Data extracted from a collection
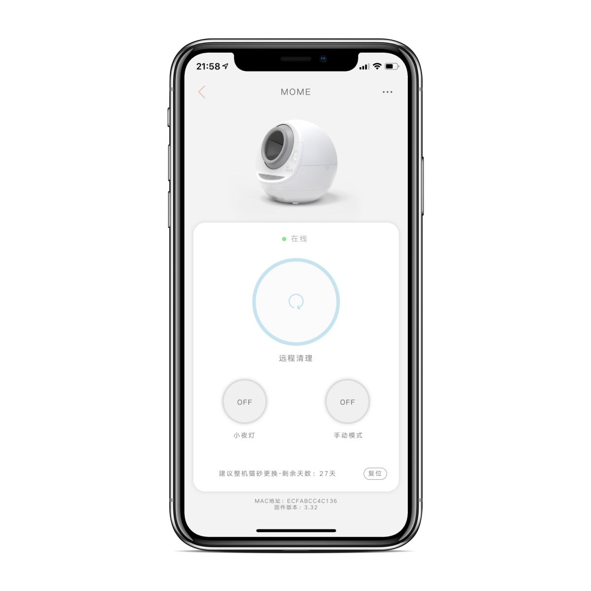 遠端操作的部份主要就是運轉、開啟小夜燈,跟切換模式,另外還有一個「復位功能」,點擊後可以將貓砂往反方向運轉,然後清掉所有球體裡的貓砂,如果你覺得砂變臭的話就可以這樣清出換一批,或者要洗球體前也可以這樣清空內部的貓砂,很方便。
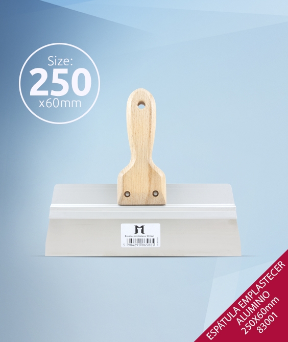 Herramienta utilizada en construcción y acabados, especialmente para enlucir, aplicar masilla o alisar yeso y cemento. Mango madera y cuerpo de aluminiio.
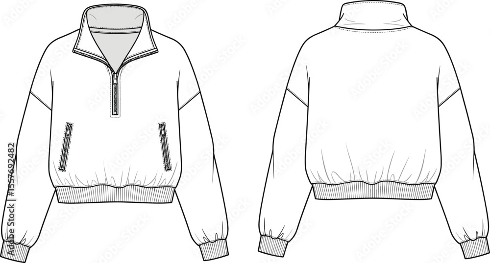Tableau sur toile Half zip pullover sweatshirt flat sketch, front and back view, fashion cad drawi
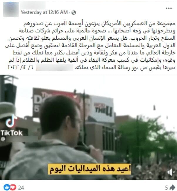 في هذا السياق تداول ناشطون على فيسبوك مقطعاً يدعون أنه لعسكريين أمريكيين قاموا بنزع أوسمتهم مؤخراً،
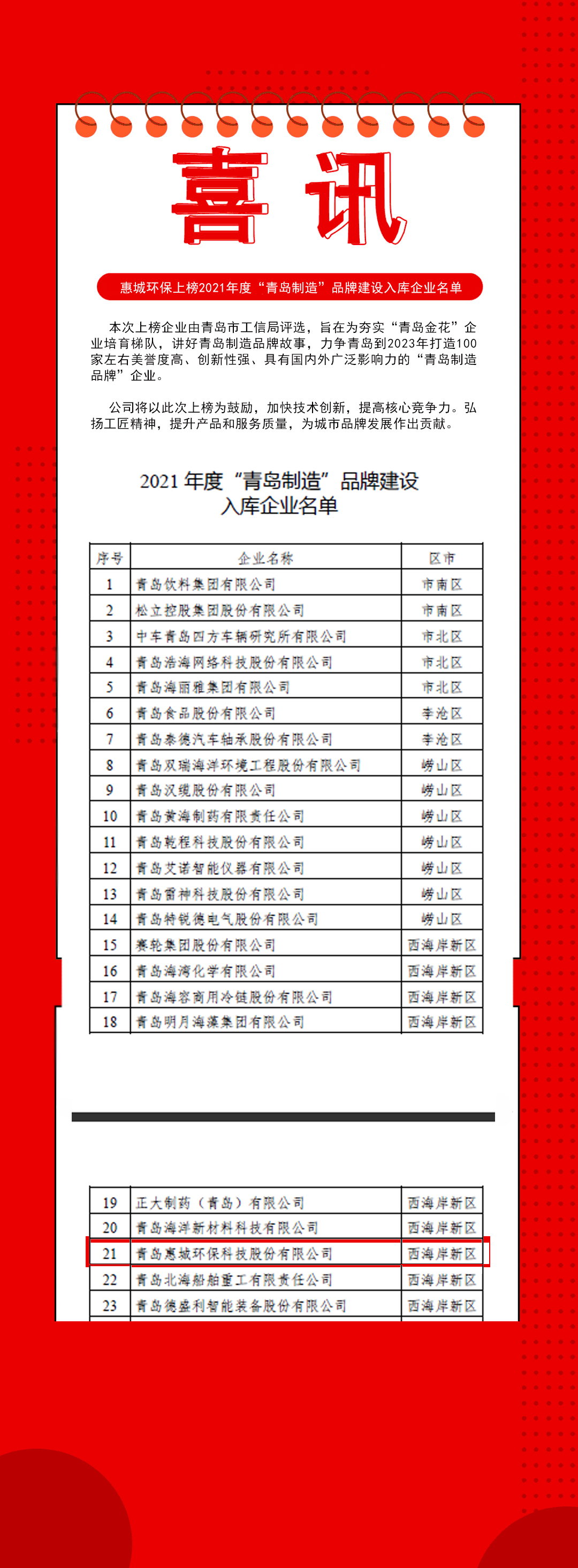 熱烈祝賀公司上榜2021年度“青島制造”品牌建設入庫企業(yè)名單
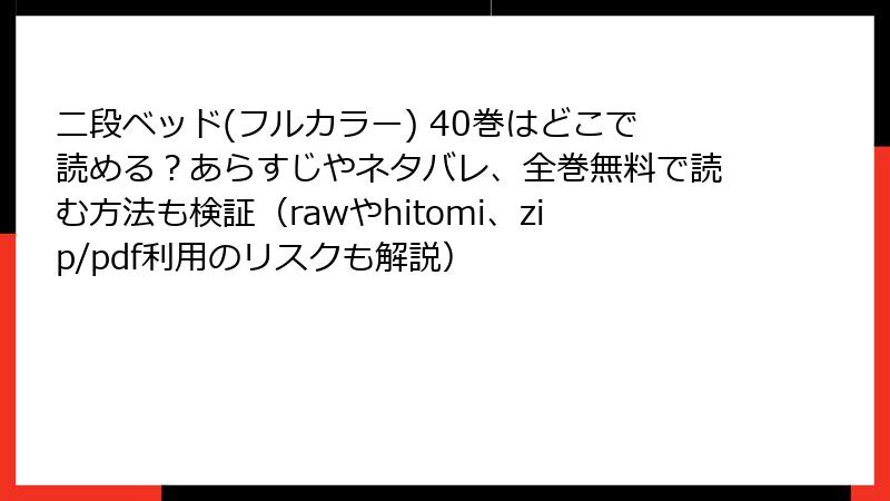 「最新巻を無料で今すぐ!」——そんな誘惑に負けて、raw、hitomi、漫画バンク、zip、pdf……いわゆる海賊版サイトに手を伸ばしたことはありませんか? 確かに一瞬だけ“お得”に見えるかもしれません。でも、画面の向こうには、あなたが想像する以上のリスクが潜んでいます。今回は『二段ベッド(フルカラー)』を例に、海賊版利用がもたらす“5つの実害”を、データと具体例で丸裸にします。スマホ1台で人生が変わる——そんな恐ろしい現実を知ってください。
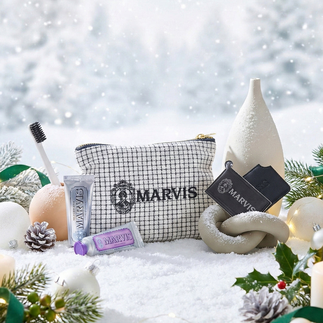 [商品情報]・トゥースペースト ホワイト・ミント 25mL ×1・トゥースペースト ジャスミン・ミント 25mL ×1・トゥースブラシ (ホワイト)×1 ・MARVIS ポケットミラー ×1 サイズ:5.5㎝×8.2㎝×0.8㎜・MARVIS チェックバッグ ×1 素材:オーガニックコットン ※エコテックス®スタンダード100の認証取得済み サイズ:19×14㎝

* _What to produce_
Write out all the entries exactly, except for the pictures.

* _Reply to the exercise_
 遠端操作的部份主要就是運轉、開啟小夜燈,跟切換模式,另外還有一個「復位功能」,點擊後可以將貓砂往反方向運轉,然後清掉所有球體裡的貓砂,如果你覺得砂變臭的話就可以這樣清出換一批,或者要洗球體前也可以這樣清空內部的貓砂,很方便。
 Herramienta utilizada en construcción y acabados, especialmente para enlucir, aplicar masilla o alisar yeso y cemento. Mango madera y cuerpo de aluminiio.
Tableau sur toile Half zip pullover sweatshirt flat sketch, front and back view, fashion cad drawi
 في هذا السياق تداول ناشطون على فيسبوك مقطعاً يدعون أنه لعسكريين أمريكيين قاموا بنزع أوسمتهم مؤخراً،
 熱烈祝賀公司上榜2021年度“青島制造”品牌建設入庫企業(yè)名單
 「最新巻を無料で今すぐ!」——そんな誘惑に負けて、raw、hitomi、漫画バンク、zip、pdf……いわゆる海賊版サイトに手を伸ばしたことはありませんか? 確かに一瞬だけ“お得”に見えるかもしれません。でも、画面の向こうには、あなたが想像する以上のリスクが潜んでいます。今回は『二段ベッド(フルカラー)』を例に、海賊版利用がもたらす“5つの実害”を、データと具体例で丸裸にします。スマホ1台で人生が変わる——そんな恐ろしい現実を知ってください。
 [商品情報]・トゥースペースト ホワイト・ミント 25mL ×1・トゥースペースト ジャスミン・ミント 25mL ×1・トゥースブラシ (ホワイト)×1 ・MARVIS ポケットミラー ×1 サイズ:5.5㎝×8.2㎝×0.8㎜・MARVIS チェックバッグ ×1 素材:オーガニックコットン ※エコテックス®スタンダード100の認証取得済み サイズ:19×14㎝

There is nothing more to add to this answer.